Wahlen werden selten mit außenpolitischen Themen gewonnen, doch der EU-Ratsvorsitz bietet Macron eine gute Bühne, um für seine Agenda zu werben. „Dafür ist es wichtig, europäische Themen mit internen Themen zu verknüpfen“, sagt die Politikwissenschaftlerin Claire Demesmay im Gespräch mit der Nachrichtenagentur AFP. Ein „Europa, das schützt“, in dem es einheitlich Mindestlöhne geben soll, das spreche die Menschen in Frankreich durchaus an.

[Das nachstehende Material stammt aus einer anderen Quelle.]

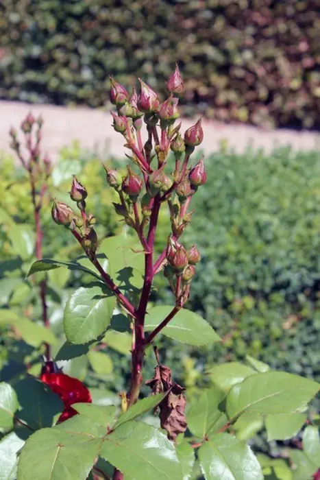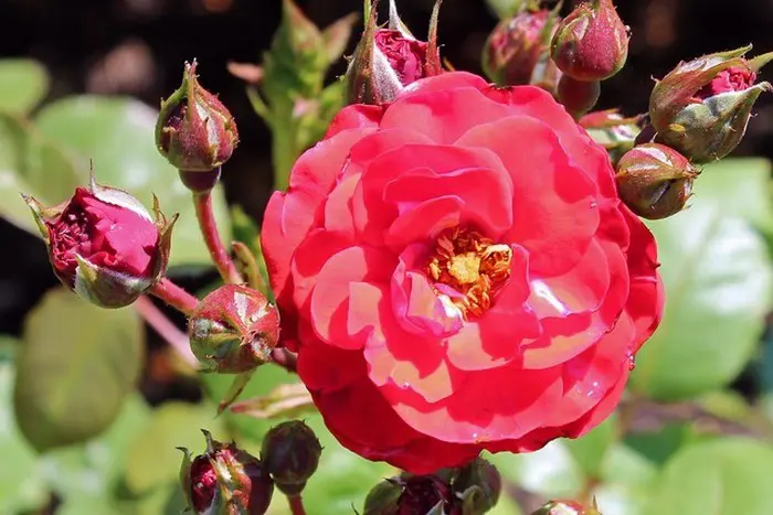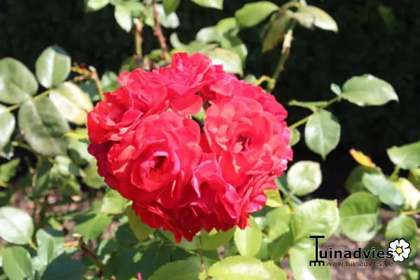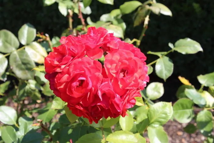 Une rose à fleurs continues avec des fleurs semi-doubles allant de l’orange au rouge-orangé.

Franzosen gefalle es auch, wenn ihr Präsident internationale Politiker empfange, sagt Demesmay. Auf dem Besuchsprogramm stehen ein gutes Dutzend Treffen im ganzen Land, unter anderem in Macrons Geburtsort Amiens, aber auch in Brest, Lens, Grenoble, Bordeaux und Marseille. Sollten diese Termine wegen der Corona-Infektionslage in Videokonferenzen umgewandelt werden, würde dies für Macron auch den Verlust vieler schöner Fototermine bedeuten. Angesichts der explodierenden Corona-Zahlen in Frankreich von zuletzt über 200.000 Neuinfektionen am Tag könnten die im Januar geplanten Termine als Präsenzveranstaltungen allerdings ausfallen.
Es ist nicht das erste Mal, dass ein französischer Präsident den EU-Ratsvorsitz übernimmt, ohne zu wissen, ob er ihn bis zum Ende innehat. 1995 gab es mitten während der Ratspräsidentschaft den Wechsel von François Mitterrand zu Jacques Chirac. Neu ist aber, dass Macron mit großer Wahrscheinlichkeit für seine Wiederwahl antreten und daher auch auf EU-Ebene seine Wähler überzeugen will.

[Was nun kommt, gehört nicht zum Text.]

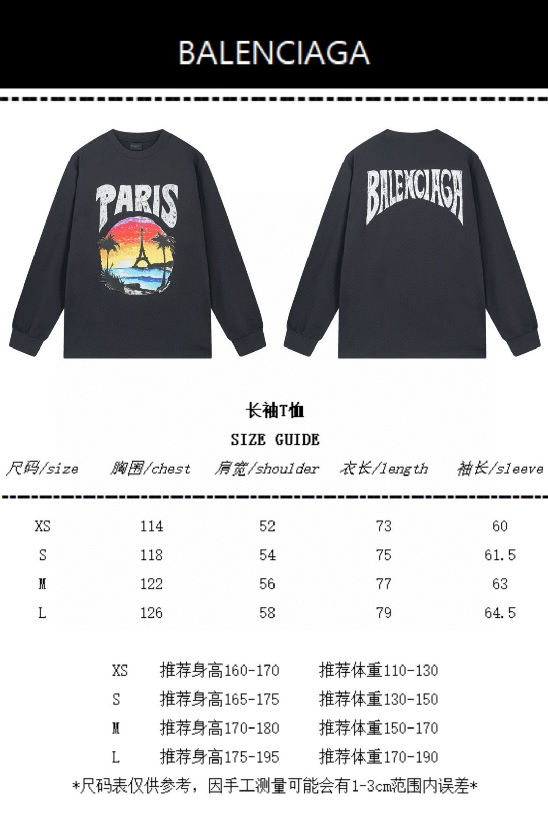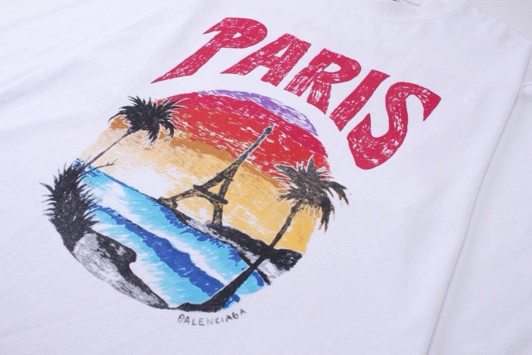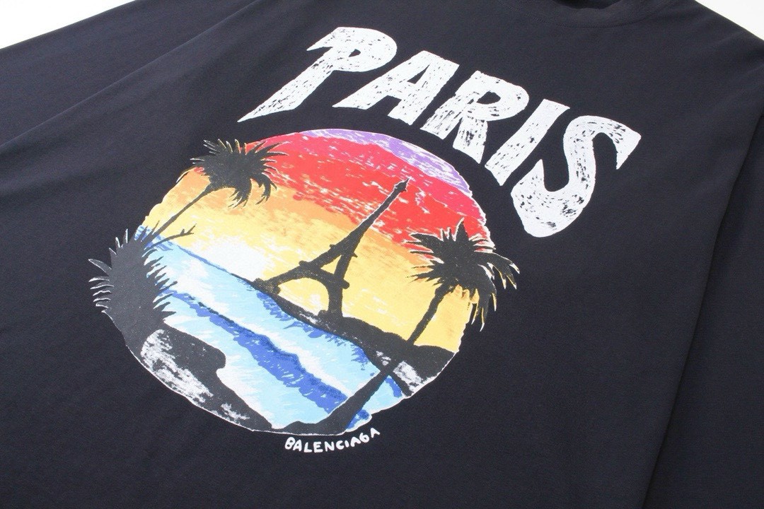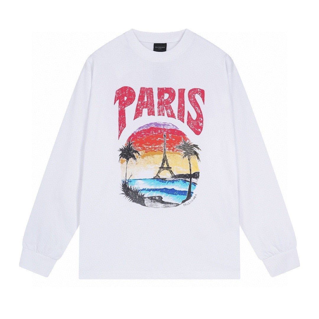 Elevate your style with this Balenciaga long sleeve tee featuring a Paris sunset print, crafted from 260g double yarn cotton for superior comfort.

Macron dürfte die Gelegenheit nutzen und sich der jüngsten Errungenschaften der EU rühmen, insbesondere des Wiederaufbaufonds im Umfang von 750 Milliarden Euro. Der französische Präsident hatte schon lange eine gemeinsame Schuldenaufnahme in Europa zur Ankurbelung der Konjunktur gefordert. Möglich wurde dies erst, als Deutschland angesichts des Ausmaßes der Corona-Krise seinen Widerstand aufgab.
Macron ist sich bewusst, dass er ohne deutsche Hilfe in der EU nicht viel durchsetzen kann. Der Zufall will es, dass Deutschland zur gleichen Zeit den G7-Vorsitz übernimmt und ebenfalls mit französischer Unterstützung rechnet – keine schlechte Voraussetzung für eine enge Zusammenarbeit.
Für den französischen Präsidenten ist die Übernahme der Ratspräsidentschaft ein Höhepunkt seiner europäischen Ambitionen. Bei seiner Amtsübernahme 2017 hatte er die europäische Hymne erklingen lassen, kurz darauf hatte er in einer Rede an der Sorbonne ein Feuerwerk an Ideen für Europa gezündet.
Macrons Leitmotiv ist ein „souveränes Europa“. „Wir müssen von einem Europa der internen Zusammenarbeit zu einem mächtigen Europa in der Welt kommen“, sagt Macron mit Blick auf die sich zurückziehenden USA und das aufstrebende China. In Frankreich fiel es positiv auf, dass im Berliner Koalitionsvertrag mit Blick auf die EU von „strategischer Souveränität“ die Rede ist.
„Die französische EU-Ratspräsidentschaft ist ein sehr ehrgeiziges Vorhaben“, sagt Sébastian Maillard, Vorsitzender des Instituts Jacques Delors. „Er braucht greifbare Ergebnisse bis Anfang April“, meint der Experte mit Blick auf die Präsidentschaftswahl im selben Monat.
Die Liste der Vorhaben ist lang, sie reicht von der Reform des Schengenraums über flexiblere Haushaltsregeln bis zur CO2-Steuer und Initiativen zur Digitalisierung. Es sind alles Themen, die ohnehin schon intensiv in der EU debattiert werden.
Seinen ersten Auftritt als „EU-Präsident“, wie der Posten in Frankreich gerne etwas verkürzt genannt wird, hat Macron am 19. Januar vor dem EU-Parlament in Straßburg. Es wird erwartet, dass er kurz danach seine Kandidatur für seine Wiederwahl erklärt.